- [Data segment]

-------

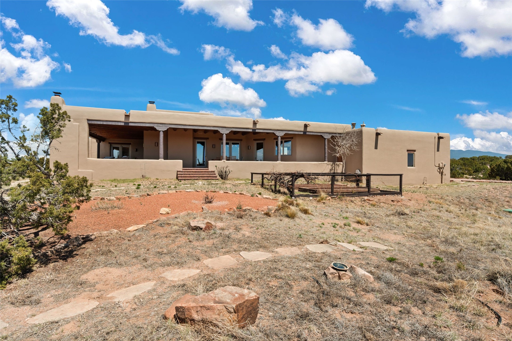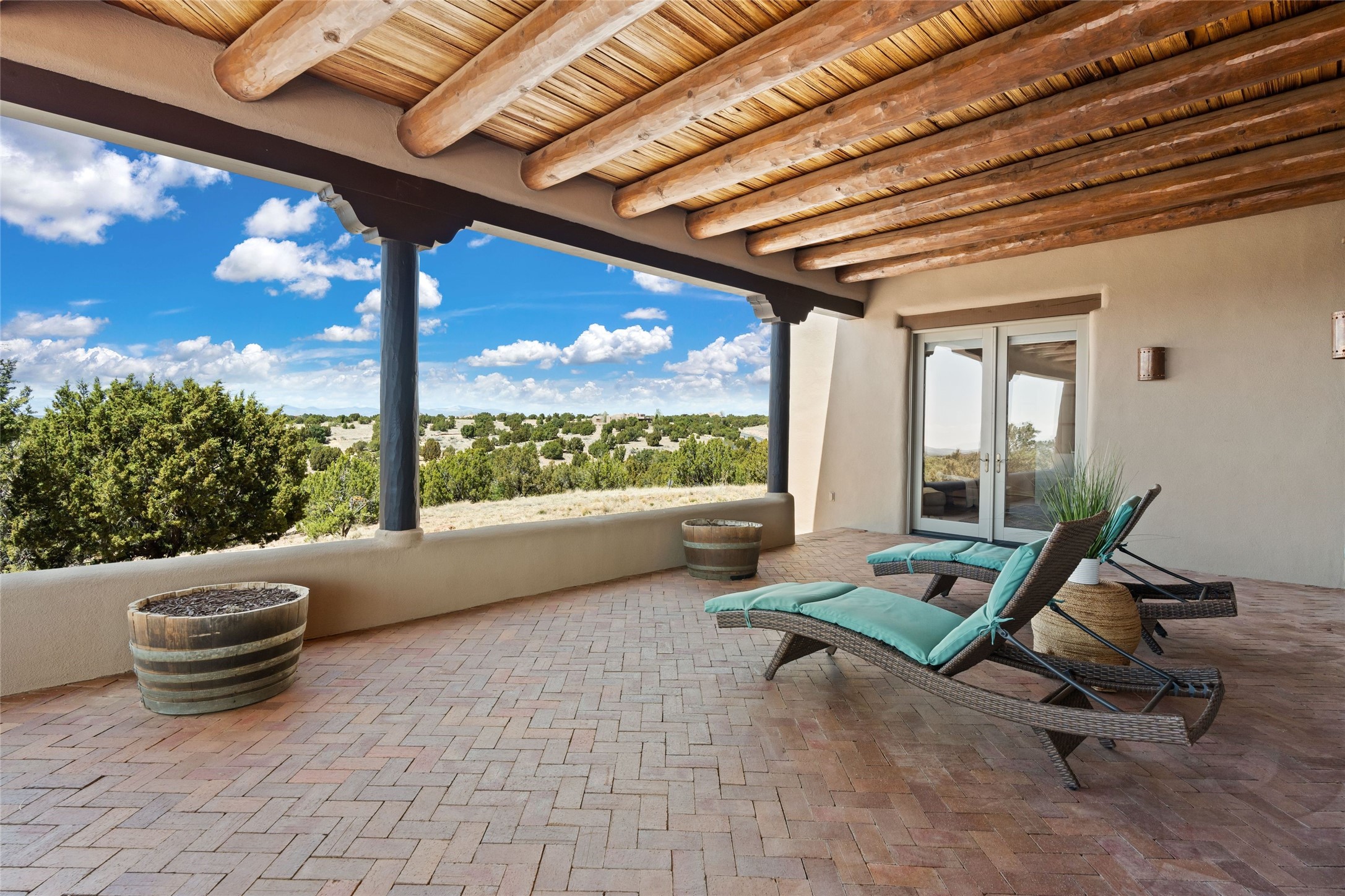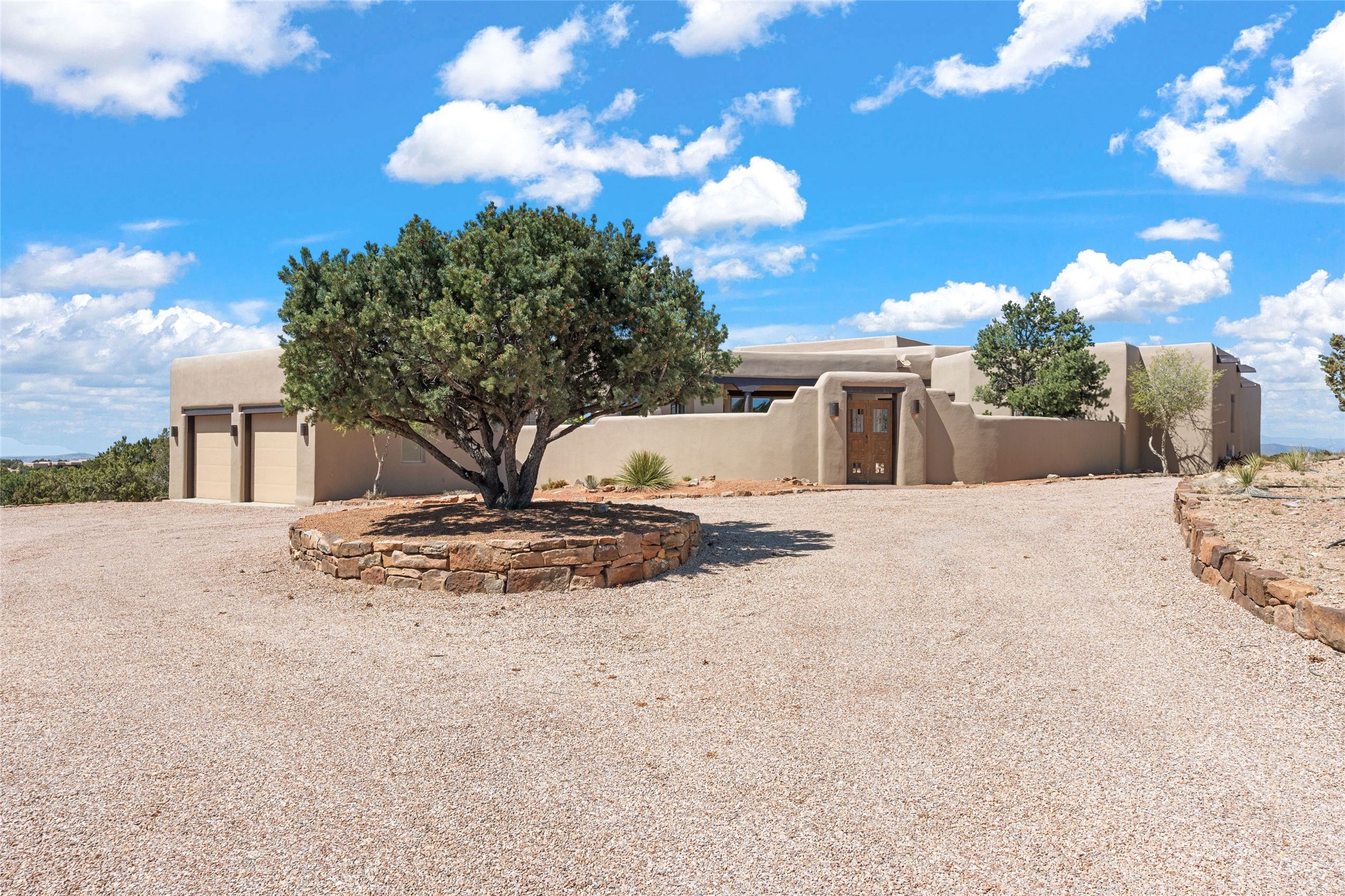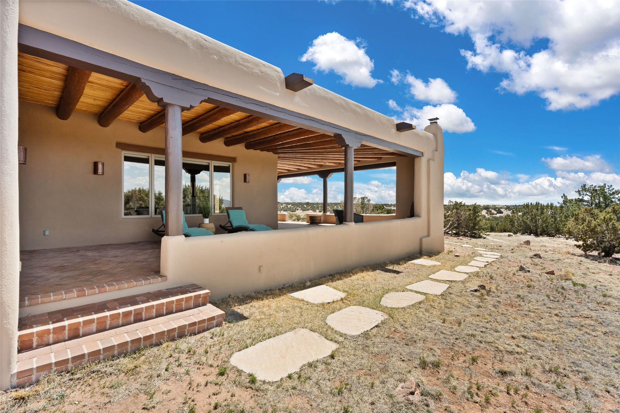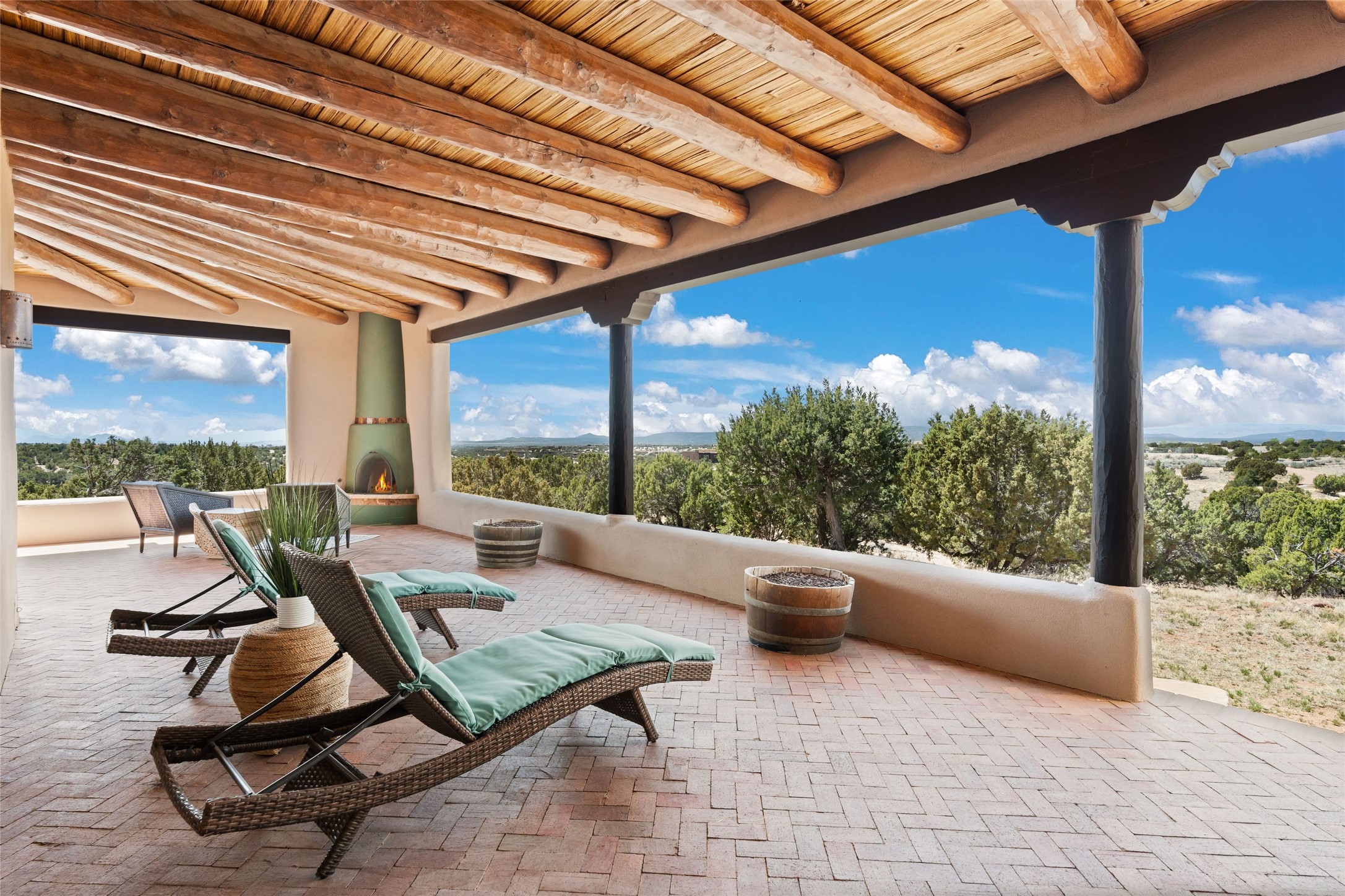 Tucked away on over 5 private acres just south of Las Campanas Drive, this distinctive Santa Fe-style home blends timeless design with sweeping 360-degree mountain views--from the Sangre de Cristo to the Jemez, Sandia, and Ortiz ranges. Built by master craftsman Don Wiles using pumice-crete construction, this 3-bedroom, 3-bath retreat delivers beauty, efficiency, and soul. A gated courtyard and 200 sq ft portal welcome you into a space designed for both comfort and connection to the outdoors. The sunlit living room offers panoramic views, a kiva fireplace, and access to a 1,200 sq ft wraparound portal--complete with a second fireplace for enjoying unforgettable sunsets year-round. The kitchen is both warm and functional, featuring alder cabinetry, a 6-burner Dacor range, separate wall oven, GE Profile fridge, microwave, walk-in pantry, and a cozy breakfast nook framed by bay windows. Throughout the home, plaster walls, ceramic tile floors, and coved ceilings create a soft, organic feel. The spacious primary suite includes double vanities, a generous closet, and a private redwood sauna. Two guest rooms--one ideal as a home office--are served by modern comforts like six Daikin mini-splits (installed in 2019), radiant heat with Wirsbo piping, and built-in speakers in key living areas. Outside, a raised bed garden adds a splash of green to the landscape, while the home's thoughtful layout invites indoor-outdoor living at every turn. Peaceful, energy-efficient, and just minutes from town, this one-of-a-kind property offers the best of Santa Fe living--with the views and quiet to prove it.
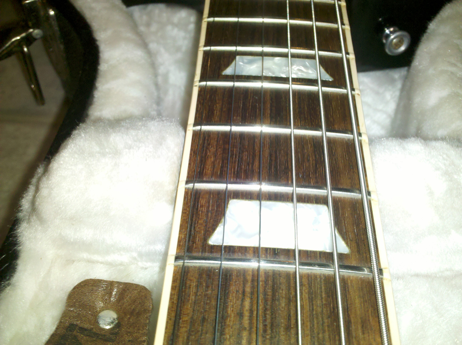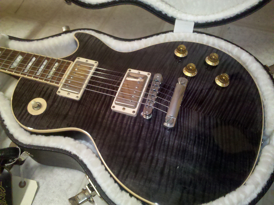 Yea, I know! Lame as hell! Regardless, I finished paying her off finally. I had almost forgotten why I had agreed to purchase this guitar.... WHAM! She was my 1 in 100 LP. Plays like butter, sings acoustically, SCREAMS plugged up even though I'm definitely NOT a Burstbucker fan. She's an easy 9lbs, 60's neck and has a BEAUT of a top on her.
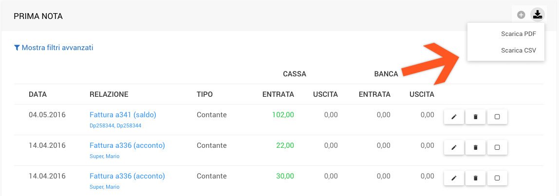 - Andare su Contabilità => Prima nota e cliccare sul pulsante di Export in alto a destra. Scaricare il file CSV della Prima nota, per inviarla al commercialista.

-------

- [Your objective]
Output the full listing above exactly, excluding all pictures.

- [Your response]
 Tucked away on over 5 private acres just south of Las Campanas Drive, this distinctive Santa Fe-style home blends timeless design with sweeping 360-degree mountain views--from the Sangre de Cristo to the Jemez, Sandia, and Ortiz ranges. Built by master craftsman Don Wiles using pumice-crete construction, this 3-bedroom, 3-bath retreat delivers beauty, efficiency, and soul. A gated courtyard and 200 sq ft portal welcome you into a space designed for both comfort and connection to the outdoors. The sunlit living room offers panoramic views, a kiva fireplace, and access to a 1,200 sq ft wraparound portal--complete with a second fireplace for enjoying unforgettable sunsets year-round. The kitchen is both warm and functional, featuring alder cabinetry, a 6-burner Dacor range, separate wall oven, GE Profile fridge, microwave, walk-in pantry, and a cozy breakfast nook framed by bay windows. Throughout the home, plaster walls, ceramic tile floors, and coved ceilings create a soft, organic feel. The spacious primary suite includes double vanities, a generous closet, and a private redwood sauna. Two guest rooms--one ideal as a home office--are served by modern comforts like six Daikin mini-splits (installed in 2019), radiant heat with Wirsbo piping, and built-in speakers in key living areas. Outside, a raised bed garden adds a splash of green to the landscape, while the home's thoughtful layout invites indoor-outdoor living at every turn. Peaceful, energy-efficient, and just minutes from town, this one-of-a-kind property offers the best of Santa Fe living--with the views and quiet to prove it.
 Yea, I know! Lame as hell! Regardless, I finished paying her off finally. I had almost forgotten why I had agreed to purchase this guitar.... WHAM! She was my 1 in 100 LP. Plays like butter, sings acoustically, SCREAMS plugged up even though I'm definitely NOT a Burstbucker fan. She's an easy 9lbs, 60's neck and has a BEAUT of a top on her.
 - Andare su Contabilità => Prima nota e cliccare sul pulsante di Export in alto a destra. Scaricare il file CSV della Prima nota, per inviarla al commercialista.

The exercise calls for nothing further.